I don’t understand most of it. Indeed, those who study something so immense in its smallness must only feel smaller and smaller themselves, amassing ignorance alongside knowledge.
The part that I do understand–or perhaps, more than understand, simply love–is the language behind it all. Elementary particles, luminous matter, Charm Quark, Beam, fundamental particle, spin and the uncertainty principle. The world of these smallest of things also uses the word Flavor. Which, in this case, is a degree that distinguishes different quark/lepton types. (Learn more).

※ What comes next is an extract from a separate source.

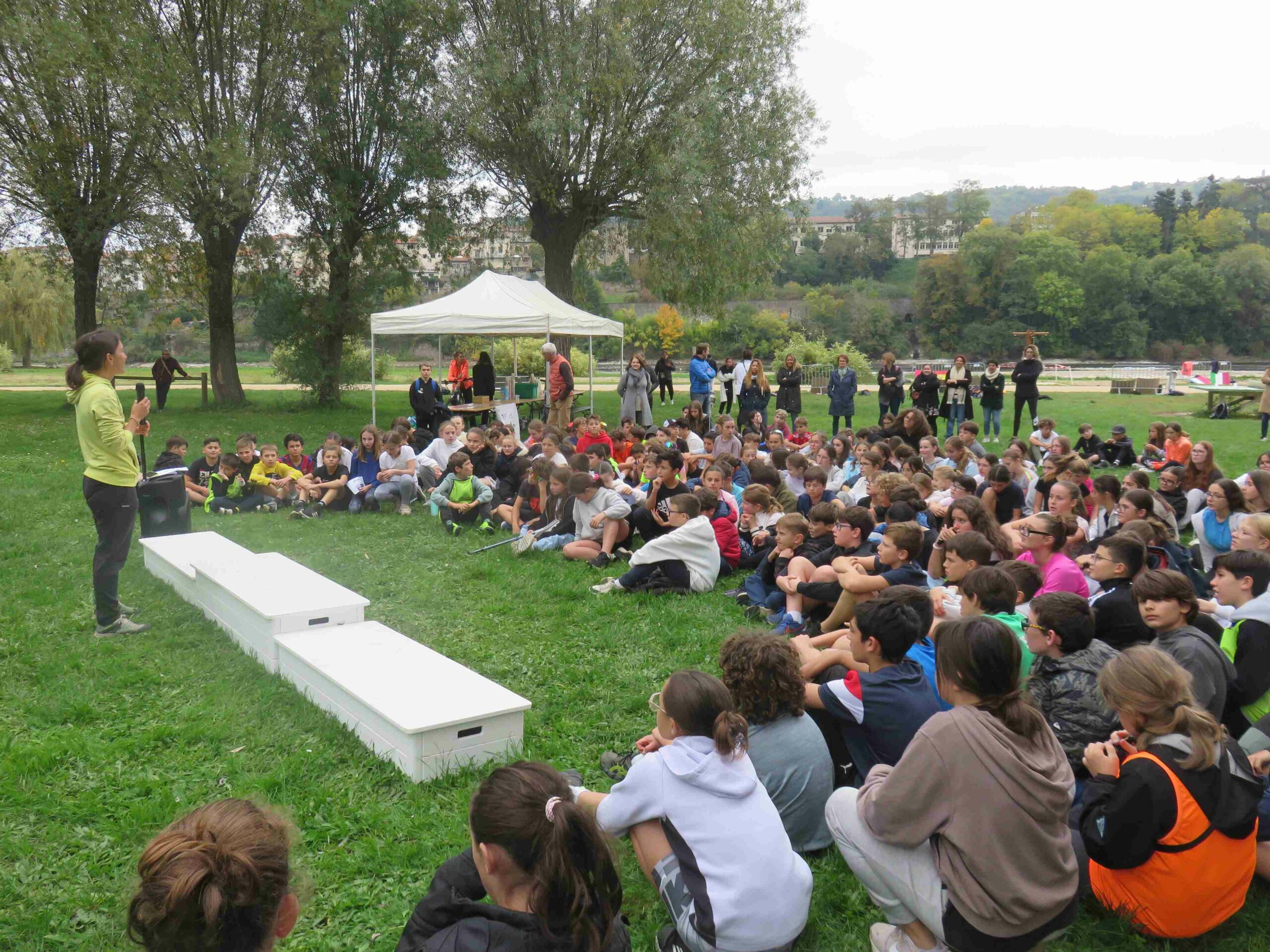 Une boucle d’un kilomètre était proposée et les élèves ont couru en relais par équipe représentant chacune un pays différent. Tous les niveaux étaient mélangés au sein d’une même équipe afin de créer de la cohésion et de la solidarité entre des élèves. Les plus grands avaient donc un rôle de « coach » et accompagnaient les plus jeunes dans leurs efforts.
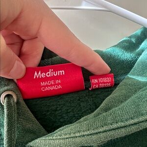 Used many times. Unisex size MEDIUM runs over size. Slight discoloration around the neck and hoodie area. PLEASE REFERENCE IMAGES FOR CONDITION

How baffling that we are so small and yet so large. So small in the face of the physical universe, yet so many billions of times larger than the smallest things. And, more entirely amazing, how even the smallest of the small things matter. Thus, no matter how small we are, still we must matter as well. A particle makes up another particle makes up a speck of dust. A speck of dust is inhaled and causes an allergic reaction, an allergic reaction affects a body and throws it off balance. That body steps back and crushes a flower, which affects a bee, which doesn’t feed a bird…and so forth. Everything being connected, even by the smallest of things. A thought process hand-in-hand with chaos theory: a butterfly wing in Asia could change your life.
Thank you, Peter Pan, for paying attention to what captures me, for inspiration that allows a deep, dormant curiosity to brim at my surface and for being beautifully thoughtful.